TASK DESCRIPTION » For any picture in the lines below, please leave it out and copy the rest exactly.

ENTRIES SUPPLIED »
= = = =

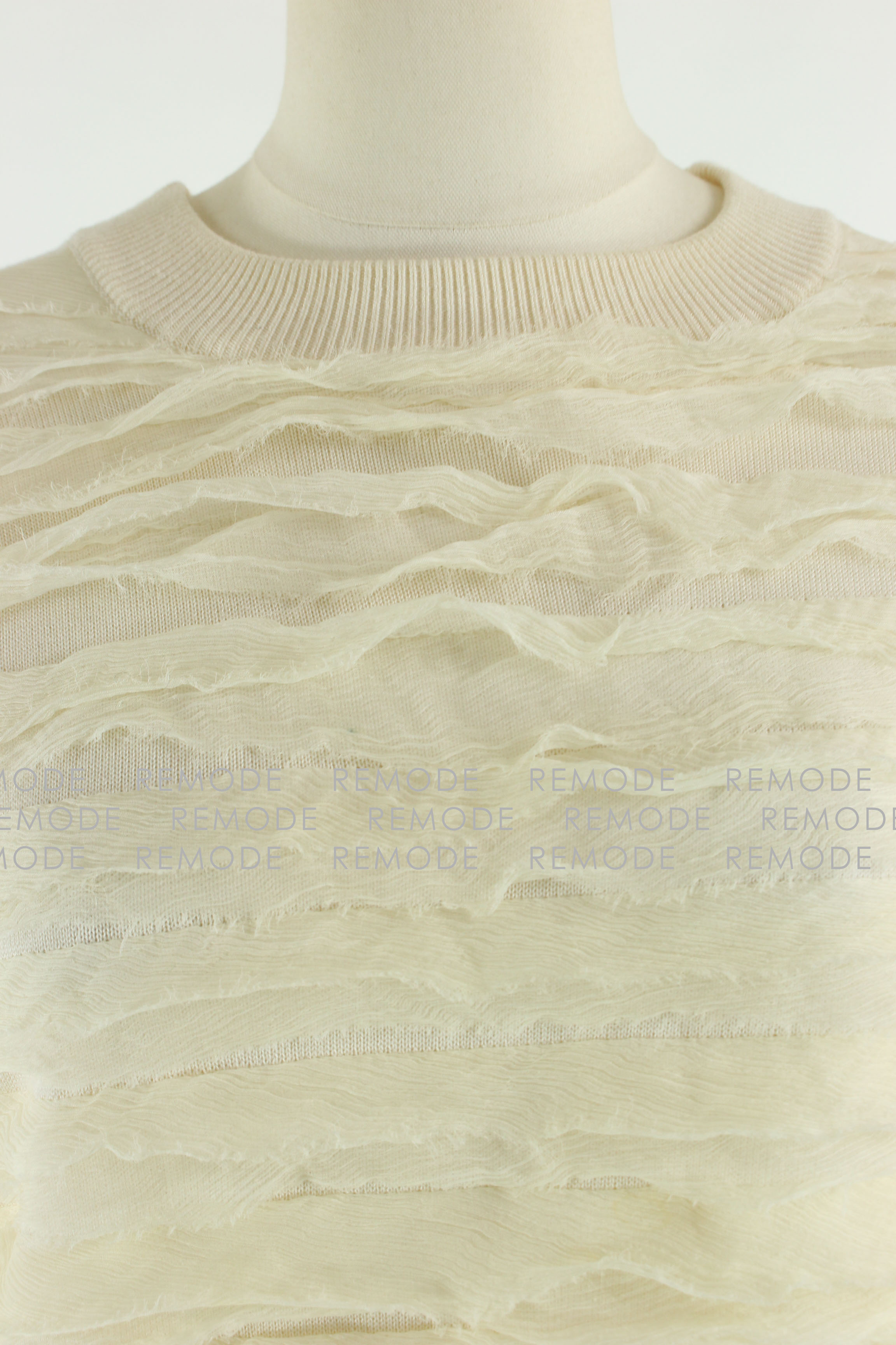- 胸元のデザインで大人な上品さを演出する、華やかな印象のクルーネックプルオーバーです。程よく身体にフィットするコンパクトなシルエットがポイント。飽きのこないベーシックなシルエットなので、どんなボトムスとも相性抜群。胸元のデザインが目を引くので小顔効果も期待できます◎
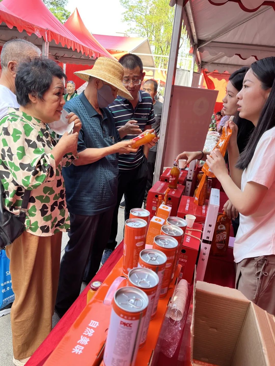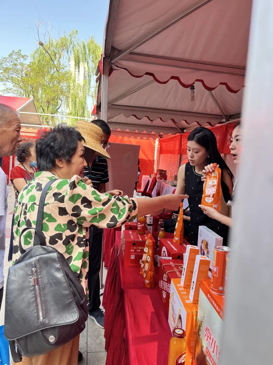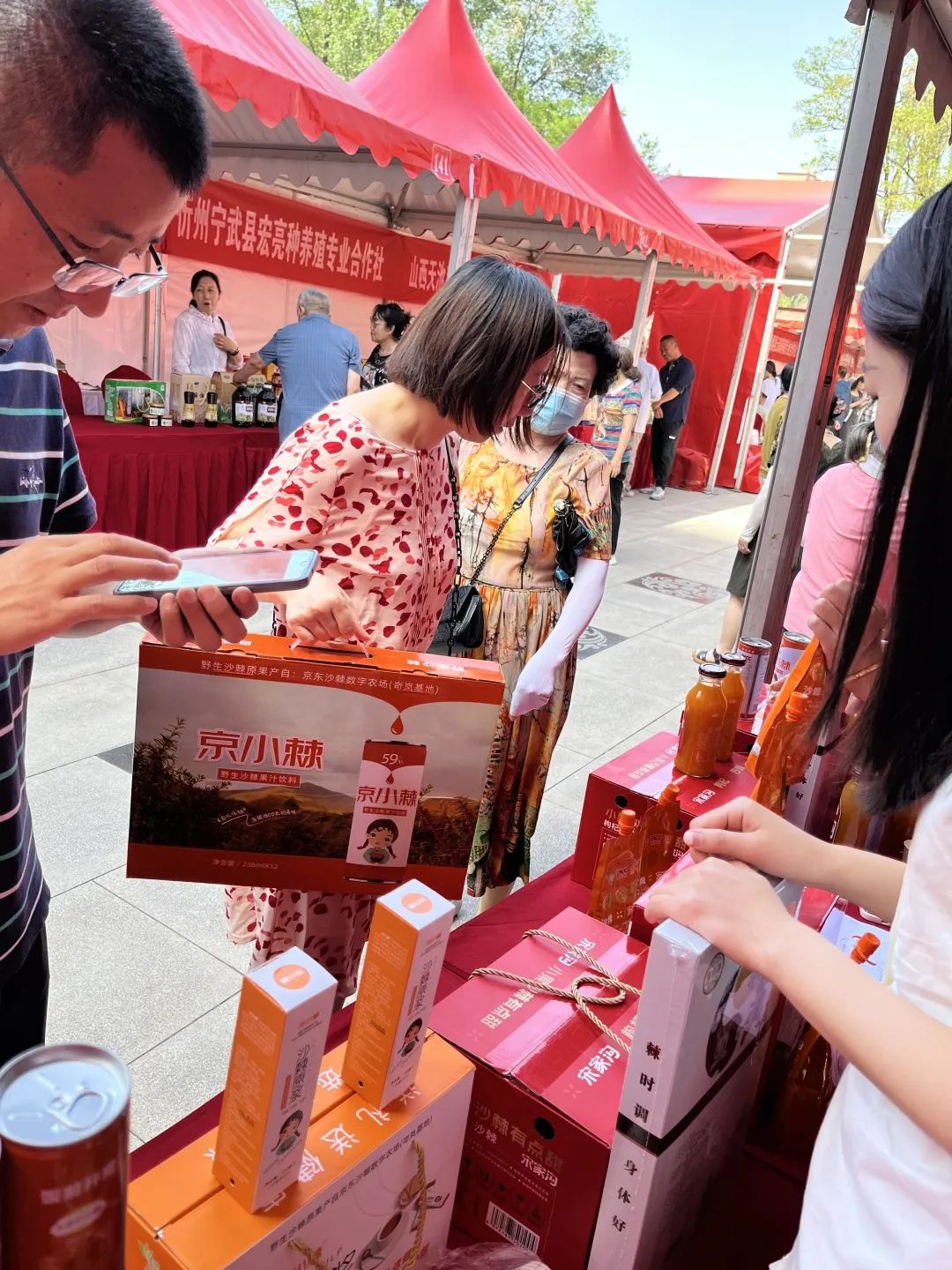现场吸引了众多沙棘爱好者的围观,我们也进行了免费试喝的活动。现场工作人员正在讲解沙棘的知识和产品介绍。
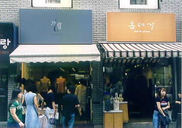 2004년 9월 15일, 강남 중학교 '사회 참여 체험 학습의 날'에 인사동에 있는 거리 간판의 모습. '가람'은 알겠는데, '봅데강'이 뭘까 한참 생각했지요. 그런데 현진이가 조사를 잘 해 줘서 뜻을 알 수 있었답니다. '봅데강'은 제주도 말로 '보셨습니까?'라는 말이라는군요. 감물 옷을 파는 가게인데 제주도 옷이라서 그렇게 지었다고 하네요.
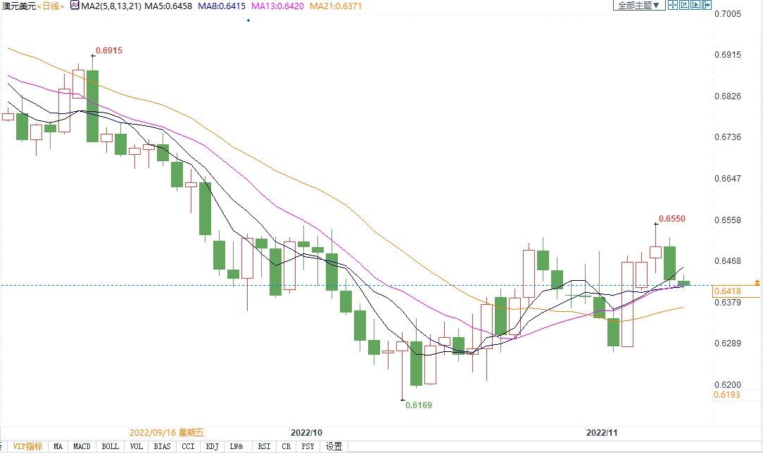 北京时间11月10日14:38,澳元兑美元报0.6419/20
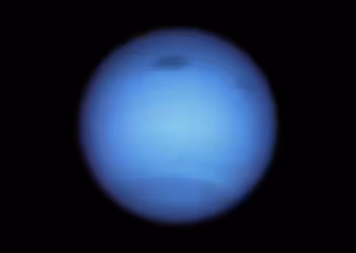 Esta instantánea del telescopio espacial Hubble del dinámico planeta verde azulado Neptuno revela una monstruosa tormenta oscura (centro superior) y la aparición de un punto oscuro más pequeño cercano (superior derecha). - NASA, ESA, STSCI
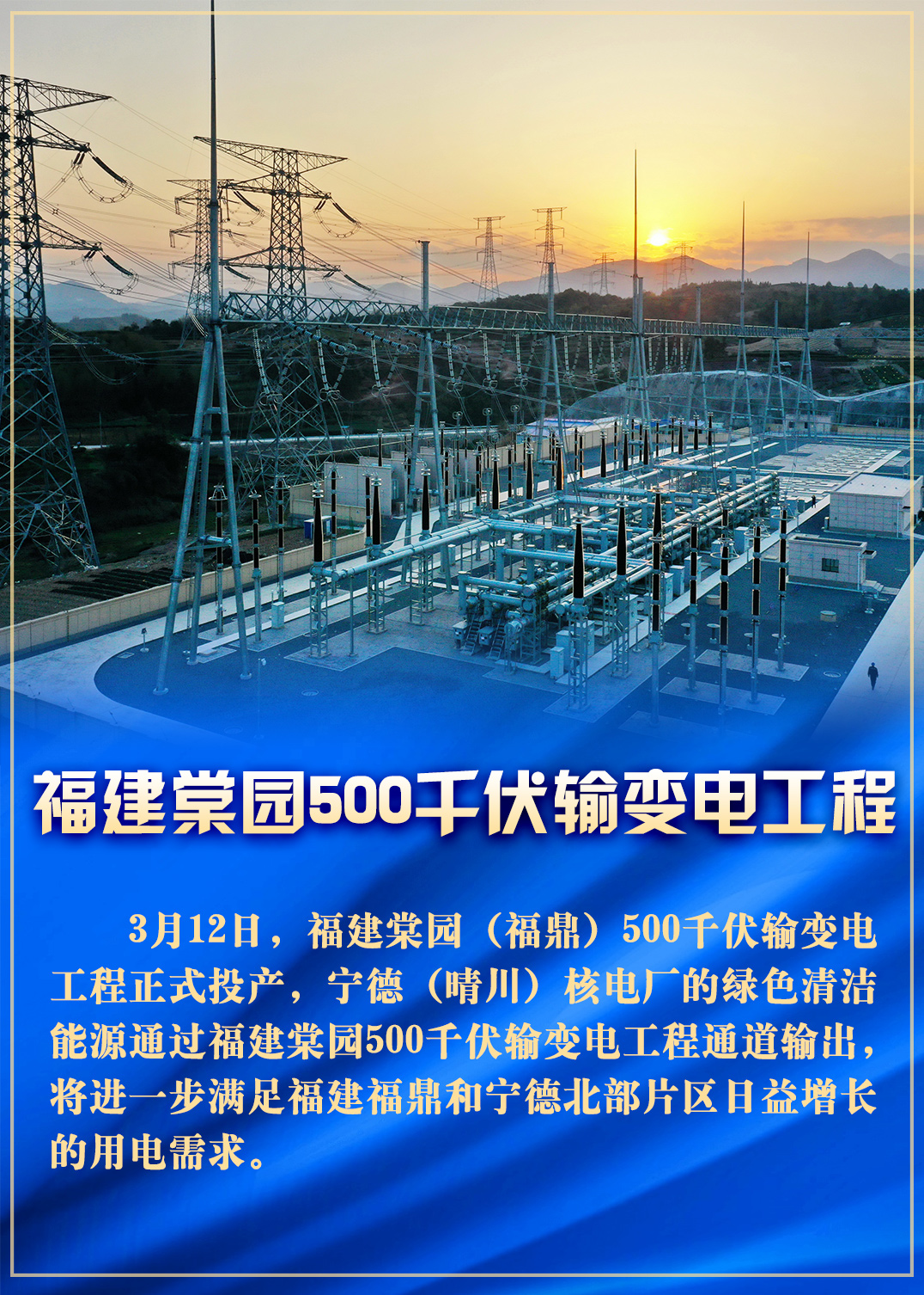 ↑3月12日拍摄的福建棠园(福鼎)500千伏输变电工程项目现场。
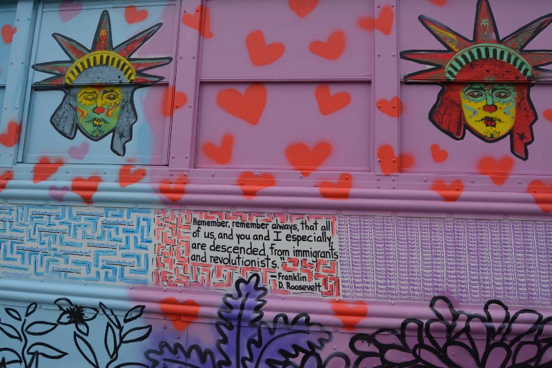 “The campaign has had a negative message and we wanted to offer something different to people,” Ruth Moreno, regional coordinator for iAmerica Action, told ThinkProgress on board The Love Bus. “Miami is big on art, big on culture, big on merging the two… so we thought, why not get a school bus and commission Miami-based artists to paint it to take that message of unity and solidarity and community to the streets.”
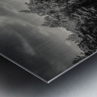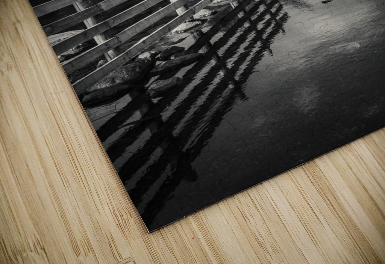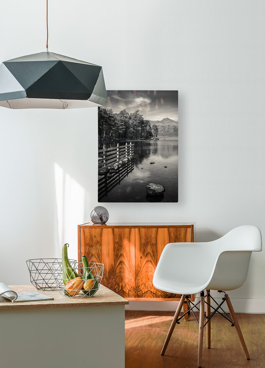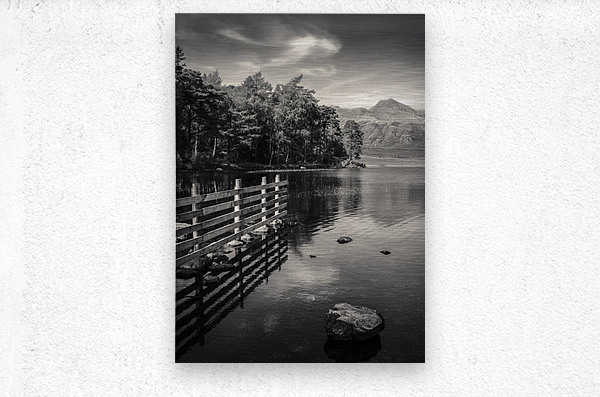 A monochrome photograph showcasing Blea Tarn in the Lake District National Park Cumbria. A wooden fence stretches into the water leading the eye toward the reflections of surrounding trees and distant mountains on the glassy surface of the lake. Wispy clouds hang in the sky adding depth and texture to the serene landscape. A perfect photograph for nature lovers landscape enthusiasts or anyone looking to bring a tranquil scenic view into their home or workspace. ...... Please note: This image has a slightly grainy texture because it was photographed on analog film.

= = = =

YOUR SOLUTION »
- 胸元のデザインで大人な上品さを演出する、華やかな印象のクルーネックプルオーバーです。程よく身体にフィットするコンパクトなシルエットがポイント。飽きのこないベーシックなシルエットなので、どんなボトムスとも相性抜群。胸元のデザインが目を引くので小顔効果も期待できます◎
现场吸引了众多沙棘爱好者的围观,我们也进行了免费试喝的活动。现场工作人员正在讲解沙棘的知识和产品介绍。
 2004년 9월 15일, 강남 중학교 '사회 참여 체험 학습의 날'에 인사동에 있는 거리 간판의 모습. '가람'은 알겠는데, '봅데강'이 뭘까 한참 생각했지요. 그런데 현진이가 조사를 잘 해 줘서 뜻을 알 수 있었답니다. '봅데강'은 제주도 말로 '보셨습니까?'라는 말이라는군요. 감물 옷을 파는 가게인데 제주도 옷이라서 그렇게 지었다고 하네요.
 北京时间11月10日14:38,澳元兑美元报0.6419/20
 Esta instantánea del telescopio espacial Hubble del dinámico planeta verde azulado Neptuno revela una monstruosa tormenta oscura (centro superior) y la aparición de un punto oscuro más pequeño cercano (superior derecha). - NASA, ESA, STSCI
 ↑3月12日拍摄的福建棠园(福鼎)500千伏输变电工程项目现场。
 “The campaign has had a negative message and we wanted to offer something different to people,” Ruth Moreno, regional coordinator for iAmerica Action, told ThinkProgress on board The Love Bus. “Miami is big on art, big on culture, big on merging the two… so we thought, why not get a school bus and commission Miami-based artists to paint it to take that message of unity and solidarity and community to the streets.”
 A monochrome photograph showcasing Blea Tarn in the Lake District National Park Cumbria. A wooden fence stretches into the water leading the eye toward the reflections of surrounding trees and distant mountains on the glassy surface of the lake. Wispy clouds hang in the sky adding depth and texture to the serene landscape. A perfect photograph for nature lovers landscape enthusiasts or anyone looking to bring a tranquil scenic view into their home or workspace. ...... Please note: This image has a slightly grainy texture because it was photographed on analog film.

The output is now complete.